Край глухой, таежный, Ангарой режется, блики по воде - полосовые прозрачные, как острие лезвия, скалы отваливаются упруго, кровь на отвале сочится, - скалы красные..."
И Кузьма мне в ответ: "тоже хочу ружье вдоль тела", - пишет свое "Гори письмо любви".
А если хорошо сейчас,
вот сейчас, в каждый настоящий момент,
какое еще нужно счастье?! Полина!
И что может быть щедрее, бескорыстнее, чем любовь "с дальнего расстояния"?
Брожение игры столь заразительно...
Еще в детстве моем Батя посвятил меня в "рыцари Природы", и даже не тем, что обучал повадкам птиц и зверей, он обнаружил свою тайную игру: я видела прицепленный к его шапке пучок травы, знала его походку, разгадала священнодействия у костра...
И потом на наших студенческих охотах мы всегда играли в индейцев, широко пользуя язык Гайаваты,
"Под душистой тенью сосен,
На траве лесной опушки,
Старцы воины сидели
И, покуривая трубки,
Важно, молча любовались..."
(Замечательный Лонгфелло. Замечательный Бунин. Открыл нам голос лесов, песню Природы.)
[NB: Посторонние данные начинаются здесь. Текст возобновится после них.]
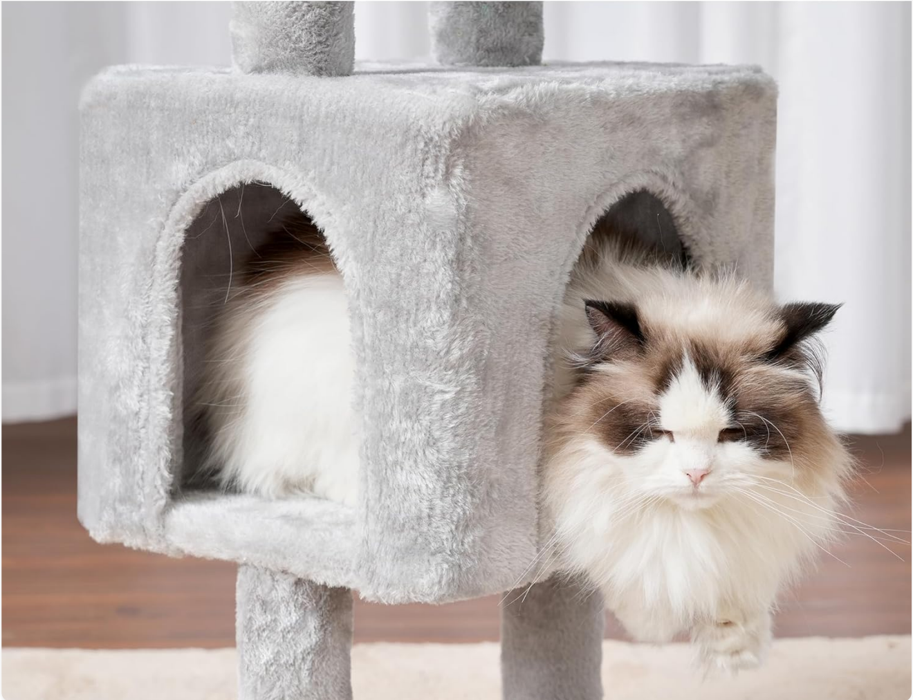
Image: A cat peeking out from inside the cozy, private cat condo, illustrating a secure resting spot.

И здесь, в экспедиции, не игра ли преобразила нас, собравшихся для работы взрослых людей: научных сотрудников, одрябших за зиму полевиков-операторов, прыщеватых студентов, затрепанных "вольноопределяющихся" (бывших зэков и бичей),...
Игра преобразила нас в сообщество лесных братьев, - туземцев? разбойников?
Красивые, все на подбор, в брезентовых робах, выбеленных дождями и солнцем, в этой не пачкающейся, как шкура здорового зверя, одежде, безразмерной и условной, из которой легко выскальзывают наши тела загорелые камешки - речные голыши.
Племя? Стая? Живущая по целомудренным законам При-роды.
Посмотри, как один за другим мы ныряем в кипящую реку, с берегов, со скалы, с палубы нашего теплохода летят червонные тела, - игровое, цирковое, восхитительное слово - "кураж".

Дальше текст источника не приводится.